Patches 1 and 2 were made as a result of analysing
`ath10k firmware crash after 4 hours of heavy TCP
traffic` bug reported by Avery.

Patch 3 fixes a bug reported by Avery that was
apparently related to missing memory barriers on
his ARM test system. @Avery, can you take a look
or test it, please? I was never able to reproduce
this but it just seems like the right thing to do.
Or you can simply post your patch and I'll drop
mine then.

Note: this is based on ath-next-test branch.


Michal Kazior (3):
ath10k: protect src_ring state with ce_lock in tx_sg()
ath10k: revert incomplete scatter-gather pci tx
ath10k: add explicit memory barrier for ring index update

drivers/net/wireless/ath/ath10k/ce.c | 29 +++++++++++++++++++++++++++++
drivers/net/wireless/ath/ath10k/ce.h | 2 ++
drivers/net/wireless/ath/ath10k/pci.c | 27 ++++++++++++++++++---------
3 files changed, 49 insertions(+), 9 deletions(-)

--
1.8.5.3



2014-05-15 12:56:09

by Michal Kazior

[permalink] [raw]
Subject: [PATCH 1/3] ath10k: protect src_ring state with ce_lock in tx_sg()

It was possible to read invalid state of CE ring
buffer indexes. This could lead to scatter-gather
transfer failure in mid-way and crash firmware
later by leaving garbage data on the ring.

Reported-By: Avery Pennarun <[email protected]>
Signed-off-by: Michal Kazior <[email protected]>
---
drivers/net/wireless/ath/ath10k/pci.c | 10 +++++++---
1 file changed, 7 insertions(+), 3 deletions(-)

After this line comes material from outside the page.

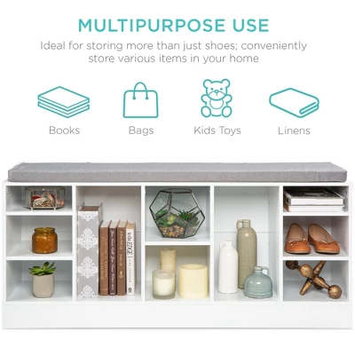 Best Choice Products 46in Shoe Storage Organization Rack Bench For Entryway, Bedroom W/ Padded Seat, 10 Cubbies – White

diff --git a/drivers/net/wireless/ath/ath10k/pci.c b/drivers/net/wireless/ath/ath10k/pci.c
index 91d6076..04d8cbf 100644
--- a/drivers/net/wireless/ath/ath10k/pci.c
+++ b/drivers/net/wireless/ath/ath10k/pci.c
@@ -762,13 +762,17 @@ static int ath10k_pci_hif_tx_sg(struct ath10k *ar, u8 pipe_id,
struct ath10k_pci_pipe *pci_pipe = &ar_pci->pipe_info[pipe_id];
struct ath10k_ce_pipe *ce_pipe = pci_pipe->ce_hdl;
struct ath10k_ce_ring *src_ring = ce_pipe->src_ring;
- unsigned int nentries_mask = src_ring->nentries_mask;
- unsigned int sw_index = src_ring->sw_index;
- unsigned int write_index = src_ring->write_index;
+ unsigned int nentries_mask;
+ unsigned int sw_index;
+ unsigned int write_index;
int err, i;

spin_lock_bh(&ar_pci->ce_lock);

+ nentries_mask = src_ring->nentries_mask;
+ sw_index = src_ring->sw_index;
+ write_index = src_ring->write_index;
+
if (unlikely(CE_RING_DELTA(nentries_mask,
write_index, sw_index - 1) < n_items)) {
err = -ENOBUFS;
--
1.8.5.3


2014-05-26 10:10:20

by Michal Kazior

[permalink] [raw]
Subject: [PATCH v2 1/2] ath10k: protect src_ring state with ce_lock in tx_sg()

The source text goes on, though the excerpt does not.